◆ DIRECTIONS
From the records that follow, return exactly the lines beginning at the one that contains "[14399874]s192" and ending at the one that contains "- Tarjoile riisin, lavashin, pitaleivän", pictures left out.

◆ RECORDS FOR PROCESSING
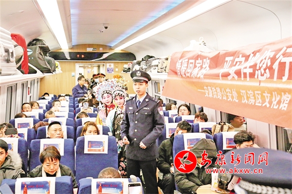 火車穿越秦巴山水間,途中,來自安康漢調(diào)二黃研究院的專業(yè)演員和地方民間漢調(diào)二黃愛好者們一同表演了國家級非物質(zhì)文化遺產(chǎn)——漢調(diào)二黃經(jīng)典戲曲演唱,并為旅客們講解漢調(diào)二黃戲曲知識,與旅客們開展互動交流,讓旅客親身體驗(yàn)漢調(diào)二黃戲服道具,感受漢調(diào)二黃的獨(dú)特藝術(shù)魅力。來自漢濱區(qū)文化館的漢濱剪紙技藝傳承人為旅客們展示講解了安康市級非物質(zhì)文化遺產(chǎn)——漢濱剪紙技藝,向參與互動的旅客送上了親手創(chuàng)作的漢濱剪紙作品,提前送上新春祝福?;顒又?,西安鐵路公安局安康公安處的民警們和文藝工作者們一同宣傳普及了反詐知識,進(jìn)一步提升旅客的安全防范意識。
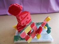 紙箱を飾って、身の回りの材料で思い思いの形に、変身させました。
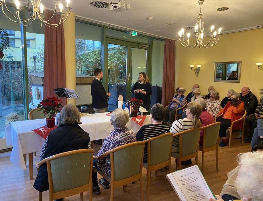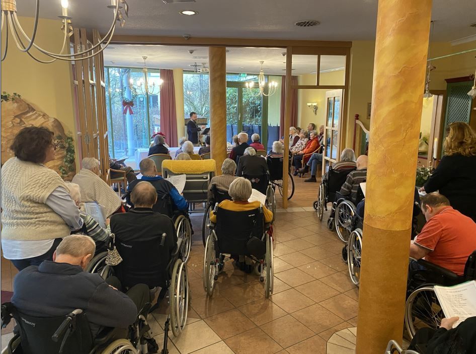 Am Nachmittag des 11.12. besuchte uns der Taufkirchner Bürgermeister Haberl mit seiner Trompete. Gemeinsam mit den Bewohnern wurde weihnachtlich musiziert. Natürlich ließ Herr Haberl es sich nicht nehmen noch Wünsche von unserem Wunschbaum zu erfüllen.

==

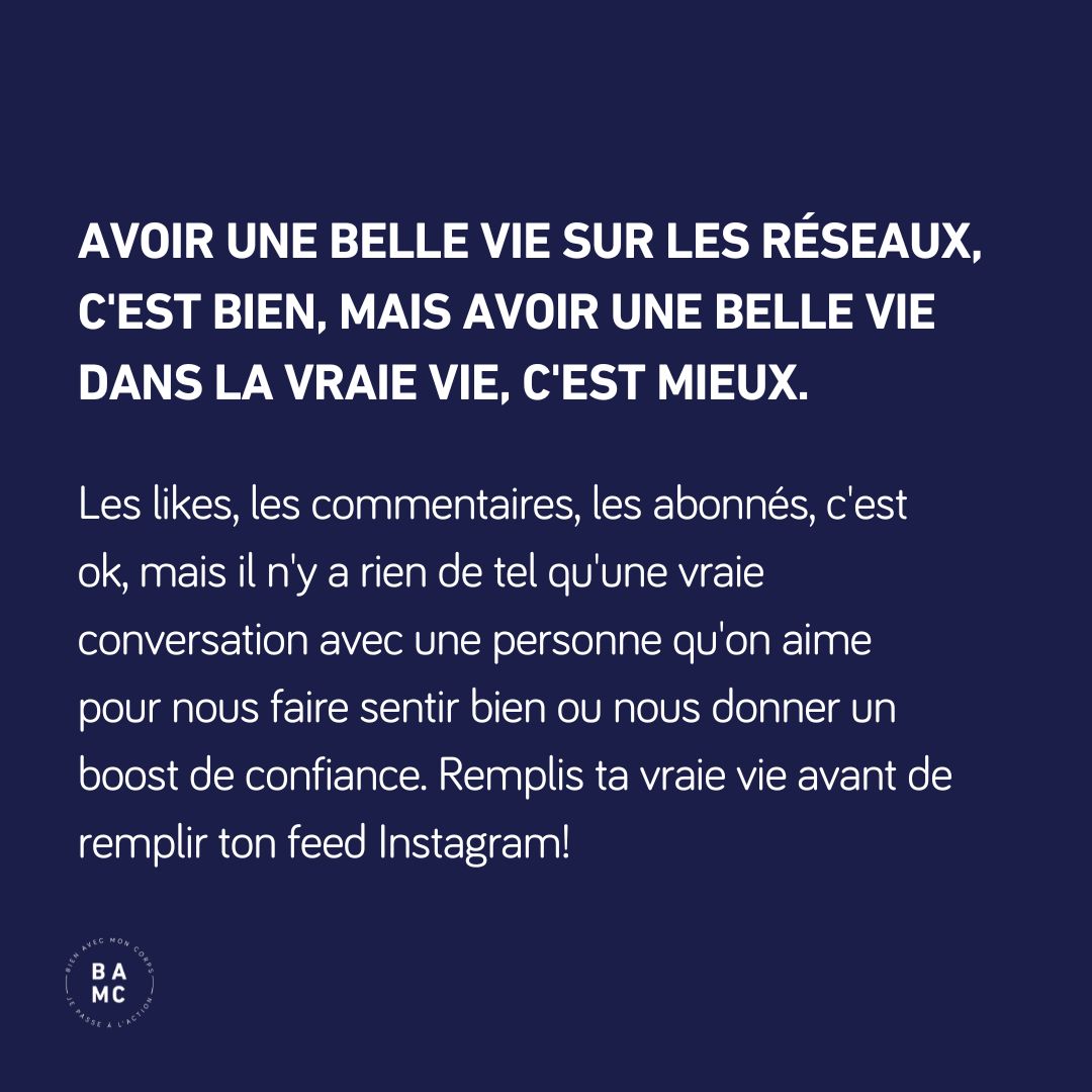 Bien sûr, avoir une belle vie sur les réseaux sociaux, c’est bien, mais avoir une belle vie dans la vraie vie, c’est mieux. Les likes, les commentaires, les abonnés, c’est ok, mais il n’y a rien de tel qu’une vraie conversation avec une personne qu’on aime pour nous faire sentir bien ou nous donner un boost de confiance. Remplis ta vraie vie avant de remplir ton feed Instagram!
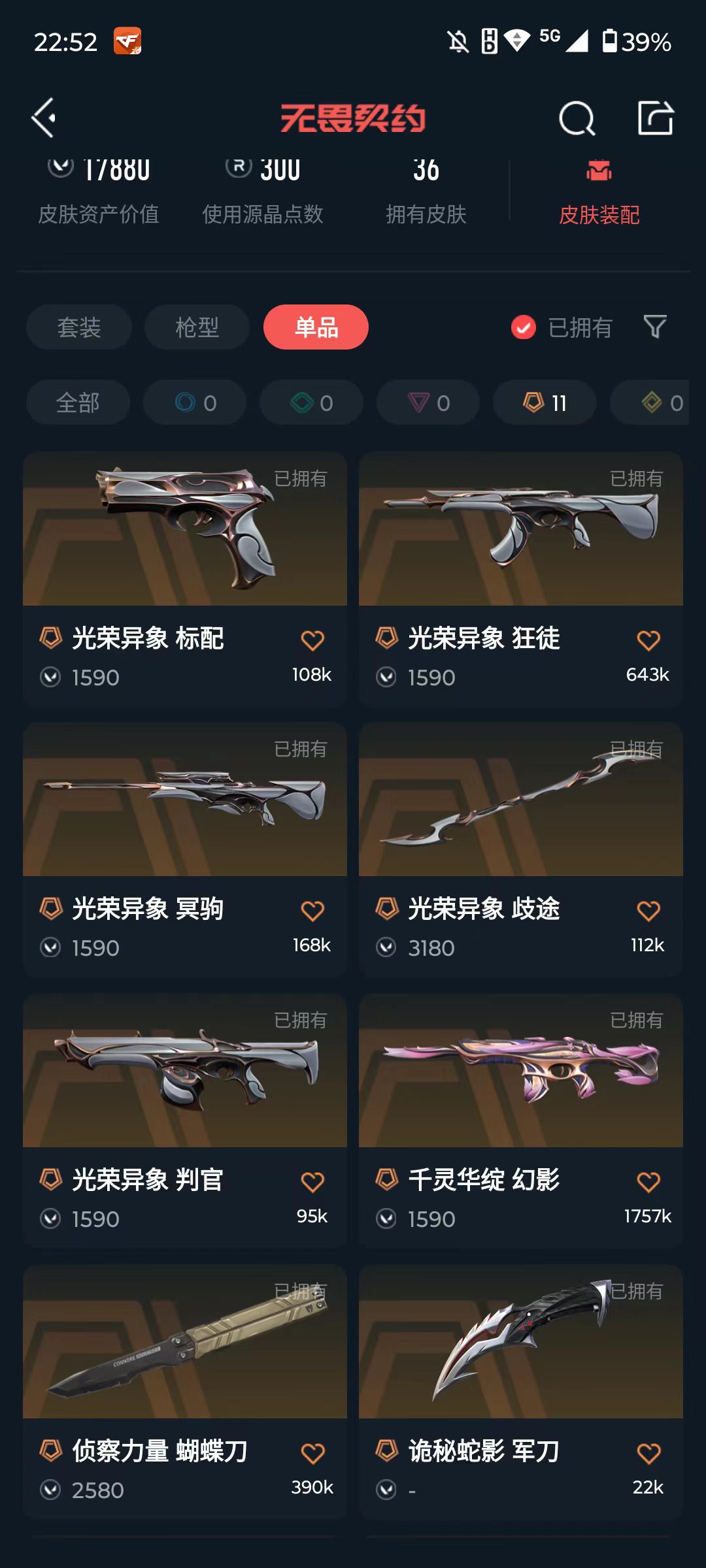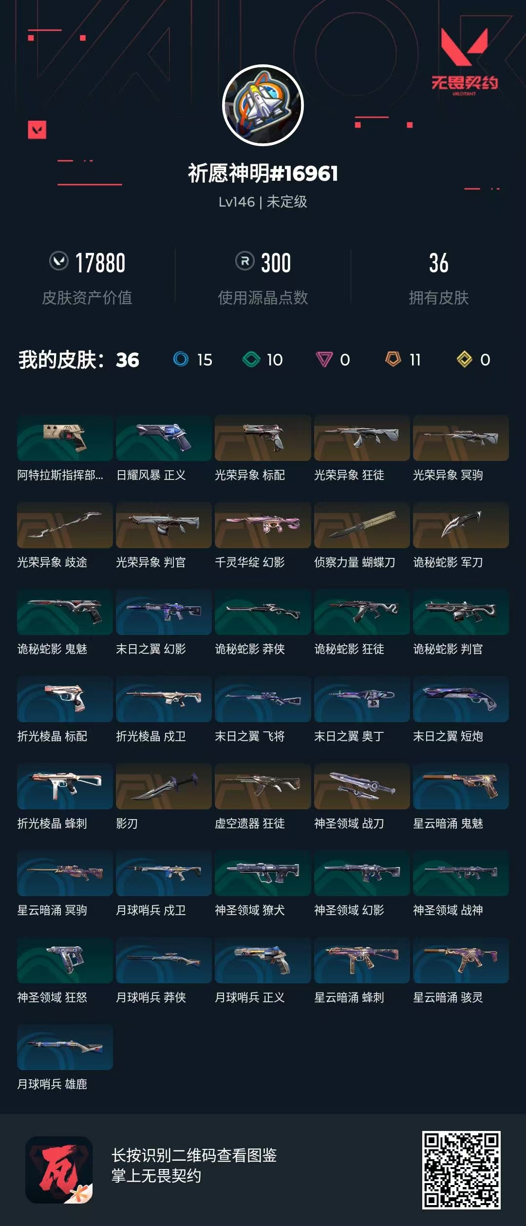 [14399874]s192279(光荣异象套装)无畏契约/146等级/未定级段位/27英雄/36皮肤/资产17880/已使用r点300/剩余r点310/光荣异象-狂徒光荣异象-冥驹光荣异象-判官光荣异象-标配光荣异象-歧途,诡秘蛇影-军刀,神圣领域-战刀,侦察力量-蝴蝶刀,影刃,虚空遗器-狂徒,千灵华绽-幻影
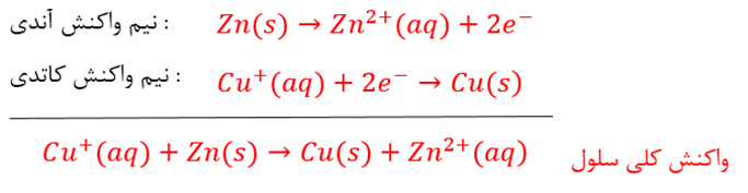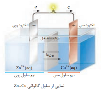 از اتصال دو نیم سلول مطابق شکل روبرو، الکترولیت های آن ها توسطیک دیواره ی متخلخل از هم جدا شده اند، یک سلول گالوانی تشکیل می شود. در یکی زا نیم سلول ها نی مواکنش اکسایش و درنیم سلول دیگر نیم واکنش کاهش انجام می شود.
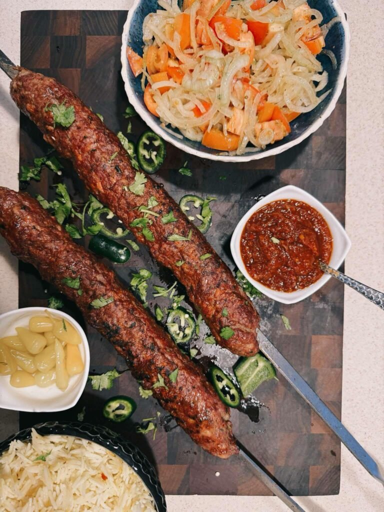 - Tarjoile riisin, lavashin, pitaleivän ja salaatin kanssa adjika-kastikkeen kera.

◆ RESULT BELOW
 [14399874]s192279(光荣异象套装)无畏契约/146等级/未定级段位/27英雄/36皮肤/资产17880/已使用r点300/剩余r点310/光荣异象-狂徒光荣异象-冥驹光荣异象-判官光荣异象-标配光荣异象-歧途,诡秘蛇影-军刀,神圣领域-战刀,侦察力量-蝴蝶刀,影刃,虚空遗器-狂徒,千灵华绽-幻影
 از اتصال دو نیم سلول مطابق شکل روبرو، الکترولیت های آن ها توسطیک دیواره ی متخلخل از هم جدا شده اند، یک سلول گالوانی تشکیل می شود. در یکی زا نیم سلول ها نی مواکنش اکسایش و درنیم سلول دیگر نیم واکنش کاهش انجام می شود.
 - Tarjoile riisin, lavashin, pitaleivän ja salaatin kanssa adjika-kastikkeen kera.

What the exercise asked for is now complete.